>>>>>

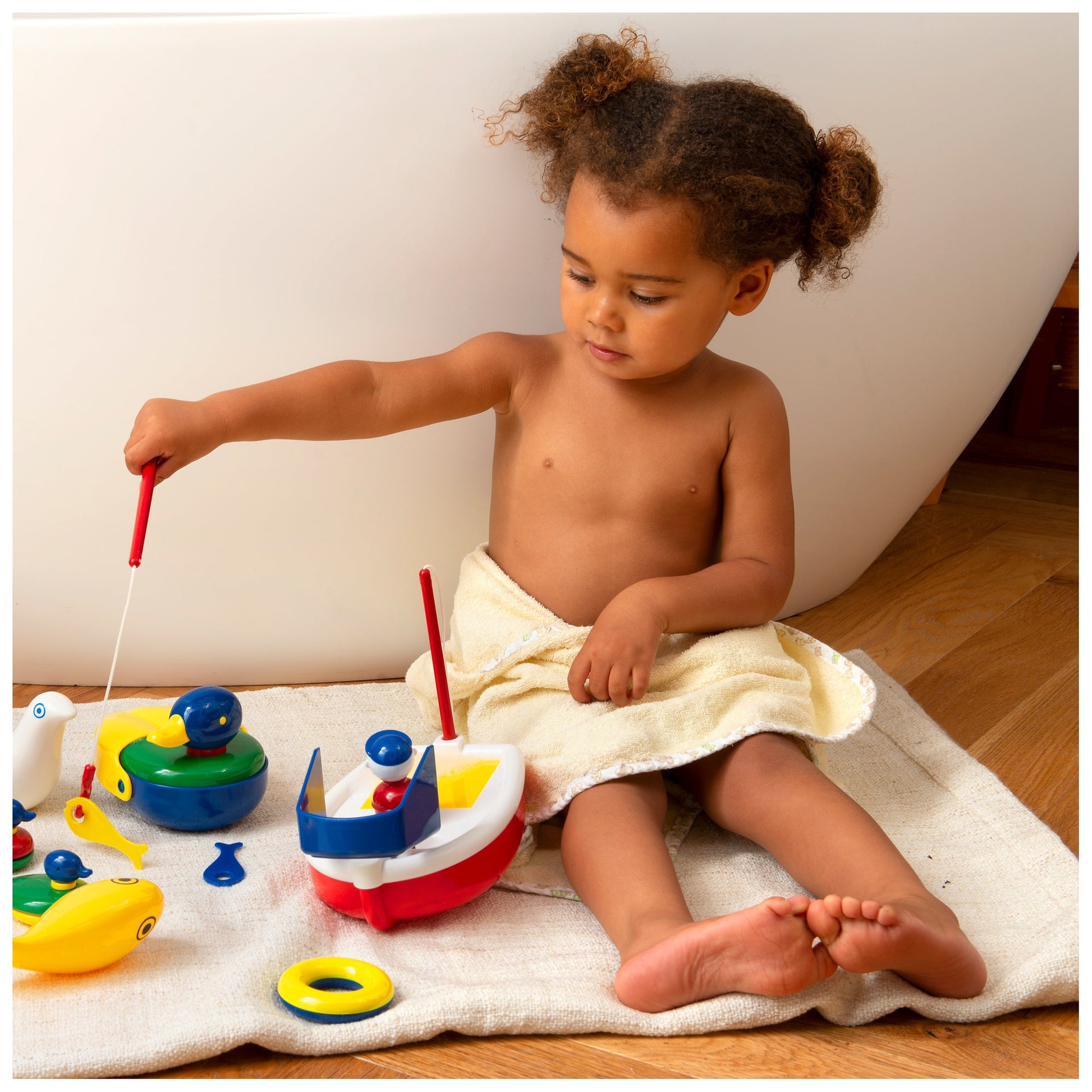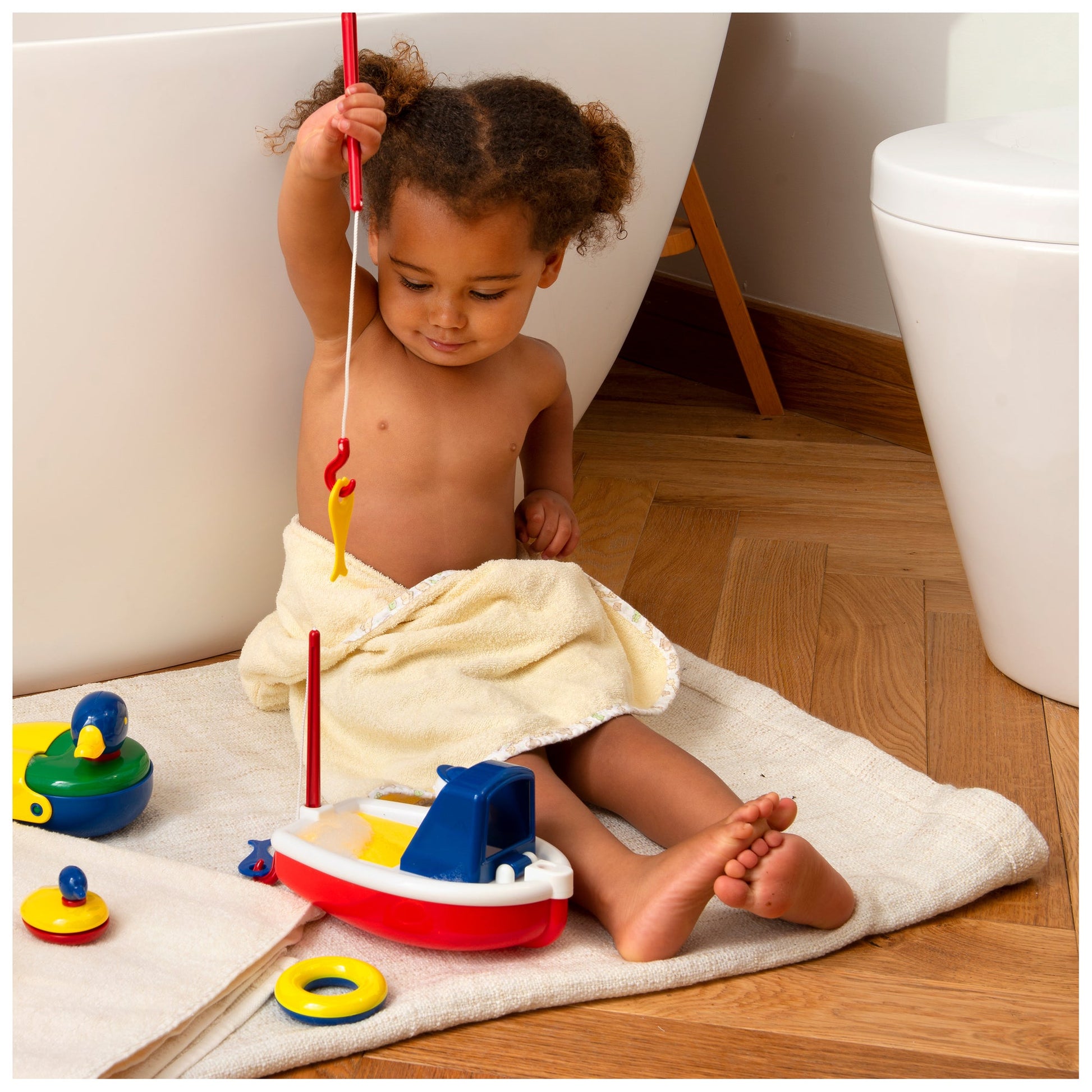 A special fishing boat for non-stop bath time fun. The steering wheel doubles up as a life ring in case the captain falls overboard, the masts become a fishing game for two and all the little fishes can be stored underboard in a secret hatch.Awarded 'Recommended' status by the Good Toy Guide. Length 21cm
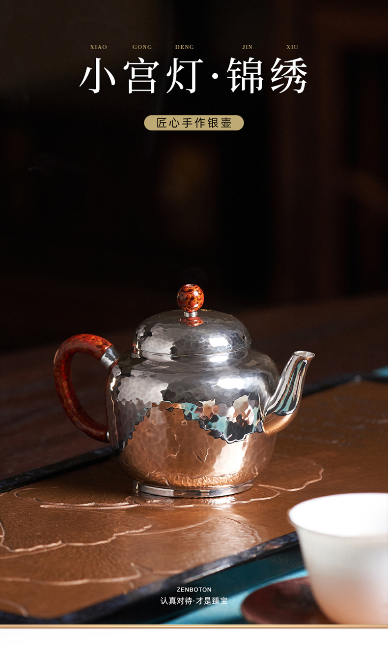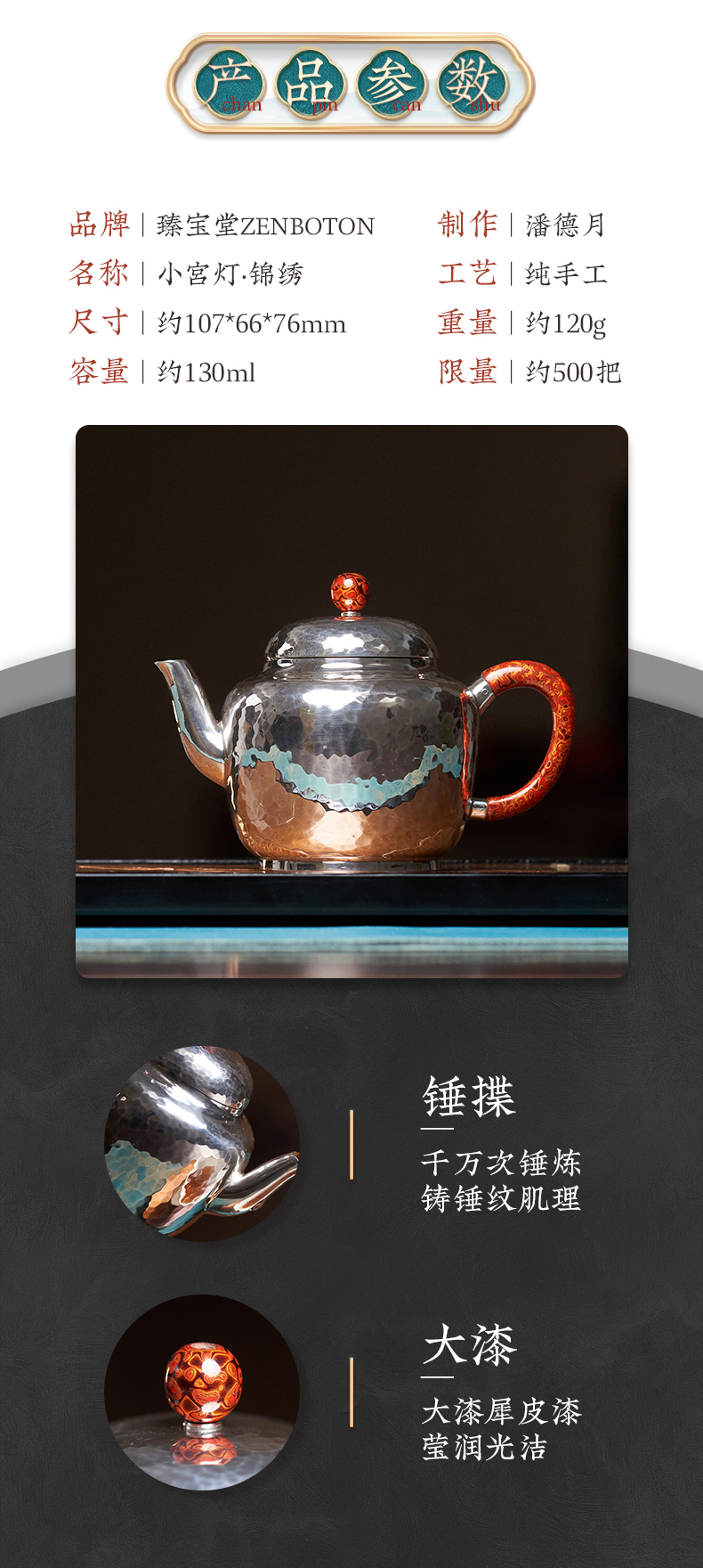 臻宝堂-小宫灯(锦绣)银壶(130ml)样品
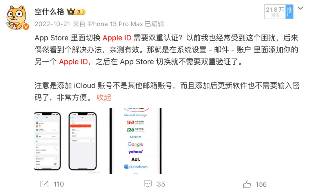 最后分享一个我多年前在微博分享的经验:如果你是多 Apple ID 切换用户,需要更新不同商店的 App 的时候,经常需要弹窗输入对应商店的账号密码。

<<<<<

Please set down each line of the listing above word for word, skipping any pictures.

(Answer to the exercise)
 A special fishing boat for non-stop bath time fun. The steering wheel doubles up as a life ring in case the captain falls overboard, the masts become a fishing game for two and all the little fishes can be stored underboard in a secret hatch.Awarded 'Recommended' status by the Good Toy Guide. Length 21cm
 臻宝堂-小宫灯(锦绣)银壶(130ml)样品
 最后分享一个我多年前在微博分享的经验:如果你是多 Apple ID 切换用户,需要更新不同商店的 App 的时候,经常需要弹窗输入对应商店的账号密码。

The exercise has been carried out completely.